Besides stating that they were looking for an architecture that entailed a ‘complete image system’, Alison and Peter Smithson also insisted that the house has to be an image itself, in order to be recognized as a house. Among the already mentioned ‘Criteria for Mass Housing’ one also finds the puzzling statement: “Does the idea for the dwelling produce an absolutely clear external image?” and “Can these images add up to a composite one and is this composite socially valid, that is, is it done for some present-day human reason?”

The blurring of the image of the house with its physical reality is neither coincidental, nor an imprecision. An ‘image’ – in the Brutalist sense of the word – is understood by the Smithsons as the visual entity that connects the intellectual concept of reality with the physical world. As such it comes close to the notions of diagram or concetto. To be clear, we are not talking about postmodernist simulacra here, nor about signs as part of linguistic communication theories. Above all, there is the universalist assumption that it is only through such conceptual images that we can inhabit our houses and cities, and eventually the world; without them we would be lost. And this is perhaps the most important question that Angelidakis seems to be asking: what ‘image’ can we think of that allows us to inhabit the spaces of flows, to navigate those valleys of jpegs and to make sense out of the mountains of thumbnails?
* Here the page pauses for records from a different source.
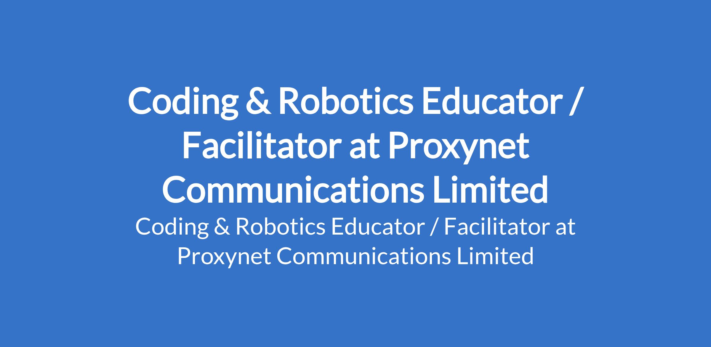 Proxynet Communications Limited is recruiting to fill the position of: Coding & Robotics Educator / Facilitator. The position is located in Galadima, Gwarinpa, Abuja (FCT). Interested candidates must have a Computer Science Degree or a relevant Degree with experience in working with Educational Game engines such as Godot, Buildbox, Kodu, etc.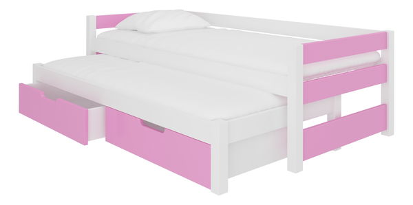 Pat pentru copii, extensibil200x90 cm Fifo (cu somieră și saltea) (Alb + Roz)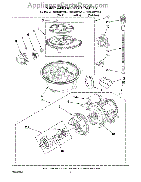 Parts for Kitchenaid KUDS50FVBL4: 06 - Pump And Motor Parts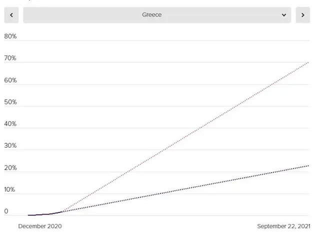 Σύμφωνα με την εκτίμηση του Politico, αυτό θα συμβεί τον Μάρτιο του 2023, γεγονός που κατατάσσει την Ελλάδα στην 7η θέση της λίστας στην Ευρώπη. Στην κορυφή βρίσκεται η Μεγάλη Βρετανία, η μόνη χώρα που αναμένεται όχι μόνο να έχει πετύχει εμβολιαστική κάλυψη του 70% του πληθυσμού της τον Αύγουστο του 2021, αλλά να έχει υπερβεί αρκετά (94%) τον στόχο.

Apparently, if we follow Angelidakis’ thoughts, there is no such image as yet, and hence the collapse of the house, that has ‘no design’ but is ‘just accumulation’. The ‘valley of jpegs’ and ‘mountain of thumbnails’ suggest a landscape, the drift through this landscape conjures up a nomadic existence; but even a nomad has a house, one of the most archetypal kind: a tent. As said, Angelidakis postpones any straightforward answer; despite the touches of hedonism and pleasure that also seem to be characteristic of his work, his is a Socratic approach. The virtual ‘dream’ houses he proposes are left unfinished, empty, open-ended; just as the boxes of the domesticated mountain are eventually left unpacked. Pre-packaged identities are untouched to rot away – instability favored as more productive and challenging the imagination.